## Directions for this task
Write out the stretch of lines below that begins at the line with "รุ่น | EYYD-KDX6604-70W |" and ends at the line with "EATME 크로스넥 리브 TOP 블루 긴팔 니트탑", including both, exactly as given and nothing more.

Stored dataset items
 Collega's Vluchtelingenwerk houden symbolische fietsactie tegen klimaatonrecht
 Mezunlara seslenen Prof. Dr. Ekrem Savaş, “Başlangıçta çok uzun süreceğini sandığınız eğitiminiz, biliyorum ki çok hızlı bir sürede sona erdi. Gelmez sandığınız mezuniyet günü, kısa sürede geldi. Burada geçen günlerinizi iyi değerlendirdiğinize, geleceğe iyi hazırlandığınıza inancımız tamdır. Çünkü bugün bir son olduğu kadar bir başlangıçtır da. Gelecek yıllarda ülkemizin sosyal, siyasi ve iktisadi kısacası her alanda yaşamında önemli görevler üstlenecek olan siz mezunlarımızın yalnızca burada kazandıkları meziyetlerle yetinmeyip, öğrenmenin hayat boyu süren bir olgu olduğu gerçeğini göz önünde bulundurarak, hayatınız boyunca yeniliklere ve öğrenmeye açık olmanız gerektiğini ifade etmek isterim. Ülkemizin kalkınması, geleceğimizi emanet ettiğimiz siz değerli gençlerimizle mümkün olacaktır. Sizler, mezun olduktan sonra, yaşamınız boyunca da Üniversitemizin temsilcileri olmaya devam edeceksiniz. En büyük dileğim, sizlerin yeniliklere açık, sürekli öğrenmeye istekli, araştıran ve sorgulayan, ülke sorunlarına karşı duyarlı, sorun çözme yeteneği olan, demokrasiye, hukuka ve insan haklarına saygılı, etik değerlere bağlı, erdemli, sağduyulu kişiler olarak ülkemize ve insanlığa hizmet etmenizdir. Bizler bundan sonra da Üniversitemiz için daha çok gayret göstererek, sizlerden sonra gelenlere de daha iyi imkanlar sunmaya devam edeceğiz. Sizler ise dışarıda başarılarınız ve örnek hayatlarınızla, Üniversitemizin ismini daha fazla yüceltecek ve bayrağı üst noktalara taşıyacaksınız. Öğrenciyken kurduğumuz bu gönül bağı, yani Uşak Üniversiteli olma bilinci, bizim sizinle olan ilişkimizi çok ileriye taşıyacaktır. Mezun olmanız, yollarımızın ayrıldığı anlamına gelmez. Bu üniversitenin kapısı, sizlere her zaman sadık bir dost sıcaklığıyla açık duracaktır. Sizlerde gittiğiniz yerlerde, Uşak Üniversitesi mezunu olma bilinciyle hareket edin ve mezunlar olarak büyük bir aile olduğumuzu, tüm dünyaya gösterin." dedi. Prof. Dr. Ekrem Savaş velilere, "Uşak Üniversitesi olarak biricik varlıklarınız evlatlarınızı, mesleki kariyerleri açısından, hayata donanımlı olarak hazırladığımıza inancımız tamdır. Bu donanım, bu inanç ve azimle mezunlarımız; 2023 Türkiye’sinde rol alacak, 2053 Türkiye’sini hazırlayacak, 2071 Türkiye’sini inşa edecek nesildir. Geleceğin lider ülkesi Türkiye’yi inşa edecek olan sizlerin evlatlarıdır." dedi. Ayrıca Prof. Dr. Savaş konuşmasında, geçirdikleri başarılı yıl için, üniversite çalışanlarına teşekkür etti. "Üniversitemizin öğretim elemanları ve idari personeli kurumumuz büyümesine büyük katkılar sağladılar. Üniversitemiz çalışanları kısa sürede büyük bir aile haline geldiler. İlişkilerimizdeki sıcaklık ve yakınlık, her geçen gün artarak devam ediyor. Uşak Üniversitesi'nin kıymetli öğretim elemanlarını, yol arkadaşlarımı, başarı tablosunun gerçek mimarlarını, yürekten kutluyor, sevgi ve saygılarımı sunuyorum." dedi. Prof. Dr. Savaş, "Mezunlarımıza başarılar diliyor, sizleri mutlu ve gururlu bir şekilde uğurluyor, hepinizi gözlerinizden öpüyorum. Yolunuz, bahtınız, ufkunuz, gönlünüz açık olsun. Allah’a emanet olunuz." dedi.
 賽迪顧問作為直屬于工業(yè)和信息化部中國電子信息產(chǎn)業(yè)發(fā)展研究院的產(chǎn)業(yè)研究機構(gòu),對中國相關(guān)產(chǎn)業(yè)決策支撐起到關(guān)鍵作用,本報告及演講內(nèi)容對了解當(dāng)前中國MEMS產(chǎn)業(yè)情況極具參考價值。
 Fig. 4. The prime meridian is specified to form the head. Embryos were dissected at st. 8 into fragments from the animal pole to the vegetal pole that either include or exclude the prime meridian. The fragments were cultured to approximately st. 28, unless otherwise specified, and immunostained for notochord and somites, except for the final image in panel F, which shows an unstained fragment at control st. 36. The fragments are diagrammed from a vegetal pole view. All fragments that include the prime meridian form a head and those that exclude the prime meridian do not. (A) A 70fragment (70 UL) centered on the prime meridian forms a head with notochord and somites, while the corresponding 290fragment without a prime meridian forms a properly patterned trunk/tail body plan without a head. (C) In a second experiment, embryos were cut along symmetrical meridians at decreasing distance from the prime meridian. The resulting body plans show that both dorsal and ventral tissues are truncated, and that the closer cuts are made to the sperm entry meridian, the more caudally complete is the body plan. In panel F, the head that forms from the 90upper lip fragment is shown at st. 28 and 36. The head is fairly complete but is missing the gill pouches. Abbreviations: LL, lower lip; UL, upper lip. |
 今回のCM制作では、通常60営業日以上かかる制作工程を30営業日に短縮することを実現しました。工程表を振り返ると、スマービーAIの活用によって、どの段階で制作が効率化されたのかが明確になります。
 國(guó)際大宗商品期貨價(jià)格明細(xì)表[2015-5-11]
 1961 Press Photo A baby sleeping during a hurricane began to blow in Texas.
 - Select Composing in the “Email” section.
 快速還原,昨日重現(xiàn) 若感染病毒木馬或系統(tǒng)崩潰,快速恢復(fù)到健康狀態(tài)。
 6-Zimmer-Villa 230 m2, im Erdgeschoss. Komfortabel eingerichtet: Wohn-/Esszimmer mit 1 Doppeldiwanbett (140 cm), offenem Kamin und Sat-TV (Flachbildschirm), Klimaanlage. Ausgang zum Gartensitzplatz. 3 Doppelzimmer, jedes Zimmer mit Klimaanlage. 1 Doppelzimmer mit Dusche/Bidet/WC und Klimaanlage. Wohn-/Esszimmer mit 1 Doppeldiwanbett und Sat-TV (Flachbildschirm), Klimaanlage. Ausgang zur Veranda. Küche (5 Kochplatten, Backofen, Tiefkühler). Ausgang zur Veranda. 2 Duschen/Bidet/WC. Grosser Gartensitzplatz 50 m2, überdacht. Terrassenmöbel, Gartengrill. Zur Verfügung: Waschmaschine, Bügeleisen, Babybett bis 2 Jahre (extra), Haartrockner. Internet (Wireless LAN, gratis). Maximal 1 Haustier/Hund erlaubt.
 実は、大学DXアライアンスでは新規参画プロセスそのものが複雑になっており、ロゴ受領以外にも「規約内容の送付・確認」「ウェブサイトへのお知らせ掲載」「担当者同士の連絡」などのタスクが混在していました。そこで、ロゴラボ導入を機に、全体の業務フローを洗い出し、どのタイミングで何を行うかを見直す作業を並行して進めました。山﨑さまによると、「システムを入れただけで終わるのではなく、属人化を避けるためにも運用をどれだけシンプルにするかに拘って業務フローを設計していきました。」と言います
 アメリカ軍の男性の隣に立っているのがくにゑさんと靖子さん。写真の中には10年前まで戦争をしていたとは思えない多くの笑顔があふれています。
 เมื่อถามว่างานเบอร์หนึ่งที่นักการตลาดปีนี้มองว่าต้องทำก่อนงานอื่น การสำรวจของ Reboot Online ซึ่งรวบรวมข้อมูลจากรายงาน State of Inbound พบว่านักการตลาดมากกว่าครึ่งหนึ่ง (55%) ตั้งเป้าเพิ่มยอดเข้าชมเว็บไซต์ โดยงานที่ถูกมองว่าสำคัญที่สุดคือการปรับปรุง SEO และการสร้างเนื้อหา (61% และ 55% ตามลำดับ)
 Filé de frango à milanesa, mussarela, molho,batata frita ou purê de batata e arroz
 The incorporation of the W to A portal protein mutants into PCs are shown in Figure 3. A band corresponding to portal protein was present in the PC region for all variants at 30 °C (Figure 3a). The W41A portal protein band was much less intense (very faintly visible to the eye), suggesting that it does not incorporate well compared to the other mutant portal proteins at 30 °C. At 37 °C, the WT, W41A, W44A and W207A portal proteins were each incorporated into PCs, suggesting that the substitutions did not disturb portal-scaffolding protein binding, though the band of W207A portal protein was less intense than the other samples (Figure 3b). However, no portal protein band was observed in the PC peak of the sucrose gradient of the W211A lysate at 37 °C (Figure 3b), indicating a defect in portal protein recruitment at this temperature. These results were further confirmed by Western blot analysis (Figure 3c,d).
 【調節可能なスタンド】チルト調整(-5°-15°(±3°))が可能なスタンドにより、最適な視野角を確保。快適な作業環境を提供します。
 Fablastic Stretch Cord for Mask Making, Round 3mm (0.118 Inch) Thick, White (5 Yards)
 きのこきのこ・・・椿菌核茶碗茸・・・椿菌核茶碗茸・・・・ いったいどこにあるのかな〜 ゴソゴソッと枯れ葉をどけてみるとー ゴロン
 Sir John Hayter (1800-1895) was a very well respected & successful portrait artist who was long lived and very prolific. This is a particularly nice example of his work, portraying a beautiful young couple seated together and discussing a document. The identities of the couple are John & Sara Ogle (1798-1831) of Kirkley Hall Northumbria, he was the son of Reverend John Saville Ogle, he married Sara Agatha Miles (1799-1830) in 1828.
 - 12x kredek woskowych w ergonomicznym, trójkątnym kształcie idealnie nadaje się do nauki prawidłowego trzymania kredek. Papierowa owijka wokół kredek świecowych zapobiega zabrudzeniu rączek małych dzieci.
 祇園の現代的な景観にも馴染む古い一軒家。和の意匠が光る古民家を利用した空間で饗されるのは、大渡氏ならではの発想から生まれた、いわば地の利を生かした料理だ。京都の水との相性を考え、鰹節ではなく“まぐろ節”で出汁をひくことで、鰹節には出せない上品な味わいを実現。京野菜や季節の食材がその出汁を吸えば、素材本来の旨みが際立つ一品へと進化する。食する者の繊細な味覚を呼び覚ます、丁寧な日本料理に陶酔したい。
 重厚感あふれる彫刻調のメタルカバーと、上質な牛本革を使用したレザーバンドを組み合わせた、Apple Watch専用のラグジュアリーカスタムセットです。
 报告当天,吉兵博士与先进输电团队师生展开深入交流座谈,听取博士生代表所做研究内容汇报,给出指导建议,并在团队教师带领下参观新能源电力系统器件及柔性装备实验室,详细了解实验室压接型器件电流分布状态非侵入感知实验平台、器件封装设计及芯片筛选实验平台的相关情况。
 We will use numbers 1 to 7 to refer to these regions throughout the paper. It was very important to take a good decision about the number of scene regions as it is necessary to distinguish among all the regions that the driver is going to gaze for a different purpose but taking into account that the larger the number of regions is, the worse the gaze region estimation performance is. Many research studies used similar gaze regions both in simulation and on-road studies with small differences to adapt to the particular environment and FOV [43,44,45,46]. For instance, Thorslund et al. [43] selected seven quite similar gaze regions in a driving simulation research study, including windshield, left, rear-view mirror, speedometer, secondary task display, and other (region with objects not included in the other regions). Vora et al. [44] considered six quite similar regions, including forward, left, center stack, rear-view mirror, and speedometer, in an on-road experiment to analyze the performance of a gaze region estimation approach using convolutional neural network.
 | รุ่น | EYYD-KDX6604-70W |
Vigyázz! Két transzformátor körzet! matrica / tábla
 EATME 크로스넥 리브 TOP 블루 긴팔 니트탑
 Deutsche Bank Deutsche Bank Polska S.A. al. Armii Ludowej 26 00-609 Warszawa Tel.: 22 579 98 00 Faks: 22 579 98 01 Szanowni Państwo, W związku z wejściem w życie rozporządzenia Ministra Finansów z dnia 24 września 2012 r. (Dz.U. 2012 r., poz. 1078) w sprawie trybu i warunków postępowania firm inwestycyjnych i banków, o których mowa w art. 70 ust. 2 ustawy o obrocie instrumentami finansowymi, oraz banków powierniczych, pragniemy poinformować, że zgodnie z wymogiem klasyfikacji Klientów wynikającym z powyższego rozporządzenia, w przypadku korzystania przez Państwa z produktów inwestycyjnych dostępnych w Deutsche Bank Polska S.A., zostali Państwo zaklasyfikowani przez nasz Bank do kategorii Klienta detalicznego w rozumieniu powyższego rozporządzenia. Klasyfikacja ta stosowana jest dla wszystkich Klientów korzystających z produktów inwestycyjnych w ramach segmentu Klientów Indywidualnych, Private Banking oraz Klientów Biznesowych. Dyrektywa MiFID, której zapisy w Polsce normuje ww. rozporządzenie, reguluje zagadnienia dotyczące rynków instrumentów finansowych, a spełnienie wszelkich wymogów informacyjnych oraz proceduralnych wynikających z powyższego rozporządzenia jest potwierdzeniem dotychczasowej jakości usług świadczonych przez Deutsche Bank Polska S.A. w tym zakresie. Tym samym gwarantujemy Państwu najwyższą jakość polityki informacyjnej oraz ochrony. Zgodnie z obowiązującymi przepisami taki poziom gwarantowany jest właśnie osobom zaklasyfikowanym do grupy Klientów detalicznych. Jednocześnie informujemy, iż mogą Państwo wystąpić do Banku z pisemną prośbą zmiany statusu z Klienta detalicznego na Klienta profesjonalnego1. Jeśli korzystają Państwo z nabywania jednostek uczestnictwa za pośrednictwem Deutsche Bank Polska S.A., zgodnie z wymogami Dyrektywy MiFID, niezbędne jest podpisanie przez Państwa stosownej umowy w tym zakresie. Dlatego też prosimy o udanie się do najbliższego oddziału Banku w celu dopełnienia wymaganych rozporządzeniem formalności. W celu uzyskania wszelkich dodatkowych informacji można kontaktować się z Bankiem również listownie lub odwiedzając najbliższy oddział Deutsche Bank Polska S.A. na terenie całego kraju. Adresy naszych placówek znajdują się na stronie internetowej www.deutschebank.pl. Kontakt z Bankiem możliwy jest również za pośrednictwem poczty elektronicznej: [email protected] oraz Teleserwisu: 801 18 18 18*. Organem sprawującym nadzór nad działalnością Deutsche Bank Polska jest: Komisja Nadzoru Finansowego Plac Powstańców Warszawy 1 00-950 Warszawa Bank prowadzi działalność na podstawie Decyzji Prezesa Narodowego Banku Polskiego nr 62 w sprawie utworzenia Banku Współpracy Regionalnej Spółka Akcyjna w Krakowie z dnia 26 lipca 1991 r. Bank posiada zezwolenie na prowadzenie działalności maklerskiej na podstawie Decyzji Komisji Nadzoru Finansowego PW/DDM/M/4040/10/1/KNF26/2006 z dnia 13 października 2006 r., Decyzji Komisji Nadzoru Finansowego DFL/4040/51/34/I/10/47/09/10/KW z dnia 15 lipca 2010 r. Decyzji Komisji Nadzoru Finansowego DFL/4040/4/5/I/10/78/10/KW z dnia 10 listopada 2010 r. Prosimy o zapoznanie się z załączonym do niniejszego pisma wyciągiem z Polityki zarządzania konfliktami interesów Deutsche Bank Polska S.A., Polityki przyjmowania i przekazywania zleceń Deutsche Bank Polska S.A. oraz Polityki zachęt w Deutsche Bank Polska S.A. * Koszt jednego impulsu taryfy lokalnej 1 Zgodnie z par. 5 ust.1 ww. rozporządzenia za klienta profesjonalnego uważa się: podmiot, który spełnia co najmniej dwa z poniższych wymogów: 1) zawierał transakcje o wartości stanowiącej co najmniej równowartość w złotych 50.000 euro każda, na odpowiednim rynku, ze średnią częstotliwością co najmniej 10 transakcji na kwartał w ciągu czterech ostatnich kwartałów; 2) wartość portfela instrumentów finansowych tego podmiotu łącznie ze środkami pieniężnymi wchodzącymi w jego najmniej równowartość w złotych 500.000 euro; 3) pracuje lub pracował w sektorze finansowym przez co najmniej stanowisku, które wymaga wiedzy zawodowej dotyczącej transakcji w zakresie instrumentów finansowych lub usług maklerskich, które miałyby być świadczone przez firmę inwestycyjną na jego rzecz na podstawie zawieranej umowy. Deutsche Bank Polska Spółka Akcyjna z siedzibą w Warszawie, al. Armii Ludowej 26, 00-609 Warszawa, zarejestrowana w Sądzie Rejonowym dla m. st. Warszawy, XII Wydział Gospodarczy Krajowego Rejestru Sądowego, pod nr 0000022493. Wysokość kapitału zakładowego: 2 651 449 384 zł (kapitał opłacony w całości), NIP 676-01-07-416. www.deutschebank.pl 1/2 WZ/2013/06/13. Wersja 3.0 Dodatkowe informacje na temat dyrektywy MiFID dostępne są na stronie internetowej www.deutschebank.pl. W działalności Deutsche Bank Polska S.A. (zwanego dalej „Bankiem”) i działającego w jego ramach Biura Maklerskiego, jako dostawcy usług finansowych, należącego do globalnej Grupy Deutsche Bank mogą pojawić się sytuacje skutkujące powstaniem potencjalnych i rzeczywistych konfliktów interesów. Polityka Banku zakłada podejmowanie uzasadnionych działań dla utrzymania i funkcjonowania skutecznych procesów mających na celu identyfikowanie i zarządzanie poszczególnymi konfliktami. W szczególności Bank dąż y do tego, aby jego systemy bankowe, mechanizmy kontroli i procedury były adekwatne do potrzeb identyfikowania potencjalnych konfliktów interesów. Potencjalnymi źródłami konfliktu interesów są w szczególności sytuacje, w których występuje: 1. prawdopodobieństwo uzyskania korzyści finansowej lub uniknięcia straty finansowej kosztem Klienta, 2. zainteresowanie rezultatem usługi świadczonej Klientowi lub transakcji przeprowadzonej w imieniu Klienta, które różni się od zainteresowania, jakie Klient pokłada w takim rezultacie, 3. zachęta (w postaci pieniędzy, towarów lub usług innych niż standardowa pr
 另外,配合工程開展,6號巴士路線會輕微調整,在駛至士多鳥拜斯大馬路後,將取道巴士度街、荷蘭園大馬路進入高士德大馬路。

## Response area
 | รุ่น | EYYD-KDX6604-70W |
Vigyázz! Két transzformátor körzet! matrica / tábla
 EATME 크로스넥 리브 TOP 블루 긴팔 니트탑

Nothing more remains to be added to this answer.